Watching good will hunting (starring Matt Damon and Robin Williams) for another time after 6 years illuminated me of certain philisophies I couldn’t capture last 6 years. It stroke me hard, as if I am seeing myself, full of anger, disappointment, and discontent. I see the abyss of my reflection... The all-times-anger, pushing people away before they start leaving or hurting me. I am developing a huge distrust over anyone surrounding me. It’s classic. It’s called self-defense mechanism. But mine is much bigger than anyone else’s. I know, i know it very well.. it s called selfish. It’s called insensitive.
Perhaps, I need to sit down and figure who i was more clearly before i can figure out who i am. When i stand in that fancy room during the public lecture of Sri Mulyani, I can only tell myself.. i could have done a much better speech, it s an utterly/completely superficial word game. Articulation? I can do better, mimicking? I can do better. But why people listened to her and not me? Are people grading her for who she is rather than what she actually said?
Again, i know, i know... there are more to life than intelligence.. there are experiences, there are people skills. Seriously... i am fed up of it... i know the limit.. i know there are certain norms, courtesies, whatever bullshit meaningless dictions you want to assign to it. Nonetheless, it does not excuse you from being a complete failure... When i present good social skills, they tell me you are not intelligent enough, when i present magnificent intelligence, they tell me intelligence is no everything...
They tell me good is not enough and intelligent is not enough. It is not what i have that is not enough, it s what they have that is not enough AND because i have more than they do, they are fucking afraid of me...

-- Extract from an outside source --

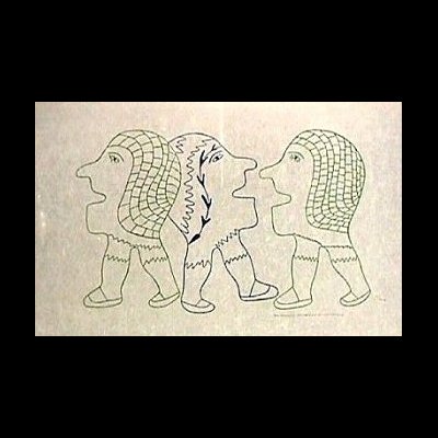 Born: February 28, 1941 Female E2-423 Place of Birth: Princess Mary Lake (Kazan River area) Resides: Baker Lake Drawings, Prints, Printmaking, Wallhangings, Sculpture Irene’s husband, David Tiktaalaaq, is a carver and printmaker. Her brother, William Ukpatiku, is also a carver and printmaker, as well as a crafts artist. “Avaalaaqiaq’s style is bold and colorful, much like the artist herself. Her subject matter tends always to be shamanic in origin and is based on the Inuit myths, legends, and beliefs of traditional times as told to her by her grandmother. The shamanic belief system practiced in traditional times called for an easy interplay between man and animals. Avaalaaqiaq’s hybrid, flowing figures aptly portray this harmonious relationship–the forms are fluid and flat–half human, half animal; their heads are often in profile or duplicate halves, with staring eyes and gaping mouths. Her unique figures are readily recognizable. Avaalaaqiaq often sews a border around her imagery, perhaps to contain its unworldly content.”

I m sick of this hopeless world sometimes. It s even remote of any hope... Sick fucked up humans... Stupid fucking maggots... they will waste their whole lives living as a fucking slave in a jail
The irony is i m living in it. People (philosophers) coin it as a structure i can’t escape. It s a structure that defines me... I can't be a free person if i dont live in a jail, right? I can't be liberated if i have never been jailed, right?

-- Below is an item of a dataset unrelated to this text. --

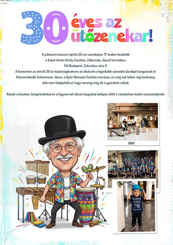 A zenekar 1996-ban alakult meg a Szent István Zeneiskolában, januárban már el is kezdődtek a próbák. Az első fellépések Tihanyban voltak az ottani zeneiskola zenei táborában. Minden nap térzenét adtunk az apátság oldalában, vagy a Rege cukrászda udvarán. Nem várt sikere volt a kezdeményezésnek, viszonylag gyorsan híre ment a zenekarnak. Sok zenekedvelő hallgató az ütőzenekar miatt jött át a környékbeli településekről. Ez alatt a harminc év alatt számtalan fellépésünk volt, közöttük sok jótékonysági koncertet is adtunk. A teljesség nélkül kiemelném Szögi Lajos meggyilkolt tanár családjáért adott hangversenyt, valamint hogy egy súlyos beteg kislány külföldi gyógykezeléséért is gyűjtöttünk.

The struggle is painful, fucking tormenting... To want friends and hate friends... to want love and hate love...
It s all so lonely... all the sounds and sights are just meaningless. My attempt to assign them meaning are not only difficult but also ridiculed...
Perhaps, i need to take a break... perhaps, complete insanity can liberate me from this jail? Just like leonardo di caprio in shutter island? Insanity liberates me from social norms, “people’s feelings”, pretense, hypocrisy, the want to be a conformist, the want to belong to a group (if not majority, certain class of people)... I need to be free... AND freedom to define “free”..
Why do you want to be good? Why do you want to be intelligent? Why do you want to be listened to? Are you trying to reach for your highest potential?
ReplyDeleteIt's pretty alone up there at the top of the food chain, isn't it?